Residents of the city sued to enjoin the use of the ballot language, arguing that the ballot language was misleading. The city moved to dismiss. The superior court granted that motion, relying primarily on the discussion of initiative petition descriptions in Molera v. Hobbs, 250 Ariz. 13 (2020), and holding that the city’s ballot language did not communicate objectively false or misleading information and did not obscure the basic thrust of measure. The residents appealed, treating the matter as an expedited election matter.
The Arizona Court of Appeals, Division One, reversed the decision of the superior court. As an initial matter, it treated the case as a special action rather than an election appeal—statutory authority is required for an appeal, but the Court had not been directed to any in this context. But because the residents lacked an equally plain, speedy, and adequate remedy on appeal, the Court concluded it may treat the matter as a special action.
As to the merits, the Court began by clarifying the relevant legal standards. Both the superior court and the parties treated the ballot language issue as one controlled by Molera and other cases involving initiative petition descriptions under A.R.S. § 19-102. The relevant statute here, however, was A.R.S. § 19-125, which governs the drafting of ballot language. That statute, unlike the statute governing initiative petitions, requires neutrality. So, Molera and related cases were, at most, instructive.

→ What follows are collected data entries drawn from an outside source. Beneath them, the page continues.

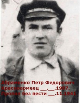 Абраменко Павел Данилович 1910 - 1941 Абраменко Павел Денисович 1919 - 1990 Абраменко Павел Денисович 1919 - 1990 Абраменко Павел Никанорович село Капустин Яр Владимировской района Астраханской области 1914 - 1969 Абраменко Павел Федорович 1904 Абраменко Пётр Васильевич с. Ивня Курской области 1925 Абраменко Петр Иванович 1906 - 1959 Абраменко Петр Павлович Абраменко Петр Федорович 1907 - 1941 Абраменко Петр Фёдорович 1926 - 1977 Абраменко Семён Артамонович 1913 - 1993 Абраменко Сергей Григорьевич 1922 - 2002 Абраменко Степан Иванович Воронежская тбл, Новохоперский район, село Подосиновка 1901 - 1996 Абраменко Степан Иванович 1901 - 1996 Абраменко Степан Михайлович с. Подкуйково Руднянского района Волгоградской области 1907 - 1990 Абраменко Терентий Архипович 1910 - 1995 Абраменко Тихон Михайлович Воронежская обл., Острогожский р-н, Н. Осиновский с/с с.Гумны 1916 - 1943 Абраменко Яков Борисович Белоруссия 1894 - 1972 Абраменков Александр Николаевич 1922 - 1987 Абраменков Василий Алексеевич 1923 - 1975
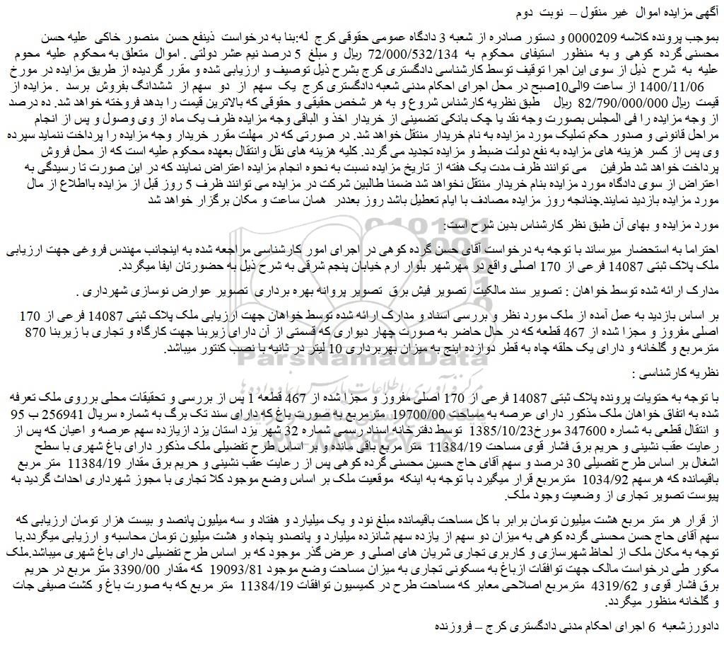 بموجب پرونده کلاسه 0000209 و دستور صادره از شعبه 3 دادگاه عمومی حقوقی کرج  له:بنا به درخواست  ذینفع حسن  منصور خاکی  علیه حسن  محسنی گرده  کوهی  و به  منظور  استیفای  محکوم  به  72/000/532/134  ریال  و مبلغ  5 درصد نیم عشر دولتی . اموال  متعلق به محکوم  علیه  محوم  علیه  به  شرح  ذیل از سوی این اجرا توقیف توسط کارشناسی دادگستری کرج بشرح ذیل توصیف و ارزیابی شده و مقرر گردیده از طریق مزایده در مورخ      1400/11/06 از ساعت 9الی10صبح در محل اجرای احکام مدنی شعبه دادگستری کرج  یک  سهم  از  دو  سهم از  ششدانگ بفروش  برسد  . مزایده از قیمت  ریال 82/790/000/000  ریال    طبق نظریه کارشناس شروع و به هر شخص حقیقی و حقوقی که بالاترین قیمت را بدهد فروخته خواهد شد. ده درصد از وجه مزایده را فی المجلس بصورت وجه نقد یا چک بانکی تضمینی از خریدار اخذ و الباقی وجه مزایده ظرف یک ماه از وی وصول و پس از انجام مراحل قانونی و صدور حکم تملیک مورد مزایده به نام خریدار منتقل خواهد شد. در صورتی که در مهلت مقرر خریدار وجه مزایده را پرداخت ننماید سپرده وی پس از کسر هزینه های مزایده به نفع دولت ضبط و مزایده تجدید می گردد. کلیه هزینه های نقل وانتقال بعهده محکوم علیه است که از محل فروش پرداخت خواهد شد طرفین    می توانند ظرف مدت یک هفته از تاریخ مزایده نسبت به نحوه انجام مزایده اعتراض نمایند که در این صورت تا رسیدگی به اعتراض از سوی دادگاه مورد مزایده بنام خریدار منتقل نخواهد شد ضمنا طالبین شرکت در مزایده می توانند ظرف 5 روز قبل از مزایده بااطلاع از مال مورد مزایده بازدید نمایند.چنانجه روز مزایده مصادف با ایام تعطیل باشد روز بعددر  همان ساعت و مکان برگزار خواهد شد
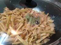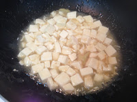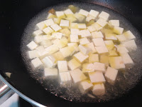 爆香薑片 加水跟豆腐少許鹽 米酒 煮一下 淋下蓮藕粉勾芡

The Court, applying the standard in § 19-125 and the case law interpreting it, then turned to the residents’ arguments. The residents first argued that the ballot language’s use of the word “replace” as misleading because the current 0.20% tax would expire before the proposed 0.15% tax would take effect, meaning there was nothing to replace. But, as the Court explained, “replace” had a broader meaning (including “taking the place of”) than residents attributed to it. Accordingly, it was not misleading to say the new tax would replace the old tax.

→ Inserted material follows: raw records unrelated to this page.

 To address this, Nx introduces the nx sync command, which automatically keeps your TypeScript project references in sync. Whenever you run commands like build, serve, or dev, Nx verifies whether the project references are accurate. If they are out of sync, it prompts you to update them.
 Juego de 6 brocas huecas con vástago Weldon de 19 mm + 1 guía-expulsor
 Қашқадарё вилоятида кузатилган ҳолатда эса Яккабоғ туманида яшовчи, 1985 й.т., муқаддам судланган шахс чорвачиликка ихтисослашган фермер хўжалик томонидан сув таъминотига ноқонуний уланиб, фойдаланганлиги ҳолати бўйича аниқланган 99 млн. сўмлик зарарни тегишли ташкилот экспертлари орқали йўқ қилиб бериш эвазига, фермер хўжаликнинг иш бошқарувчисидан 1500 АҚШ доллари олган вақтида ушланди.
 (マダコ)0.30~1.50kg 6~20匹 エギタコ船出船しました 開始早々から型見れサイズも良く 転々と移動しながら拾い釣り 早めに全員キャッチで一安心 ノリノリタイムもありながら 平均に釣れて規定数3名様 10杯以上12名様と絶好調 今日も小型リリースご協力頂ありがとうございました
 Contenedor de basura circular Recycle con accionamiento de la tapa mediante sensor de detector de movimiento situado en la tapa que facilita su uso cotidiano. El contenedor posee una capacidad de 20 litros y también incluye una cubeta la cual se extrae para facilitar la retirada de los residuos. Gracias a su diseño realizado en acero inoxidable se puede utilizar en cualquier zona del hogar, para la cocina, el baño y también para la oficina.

What was misleading, in the Court’s view, was the ballot language’s use of the word “reduce.” Because the new 0.15% rate would take effect only after the expiration of the 0.20% rate, it ultimately reduced nothing: the 0.20% rate would remain in effect, unmodified, until its own expiration, and the 0.15% rate would then be added to the overall transaction privilege tax, effectively serving as a tax increase over what the residents would otherwise pay. This was misleading and, as a result, the Court concluded that the city should not be allowed to use the ballot language.
Judge Foster authored the opinion, joined by Judges Thumma and Catlett. Judge Catlett also specially concurred. He joined the Court’s opinion in full but wrote separately to expand on a point made in a footnote in that decision: typically, the drafting of ballot language is entitled to “due deference” because it is written by a third party (for example, the Secretary of State drafts ballot language for measures referred to the ballot by the Legislature). Here, however, the entity referring the measure, the city council, was the same entity that approved and adopted the ballot language. In Judge Catlett’s view, this meant that no deference was warranted.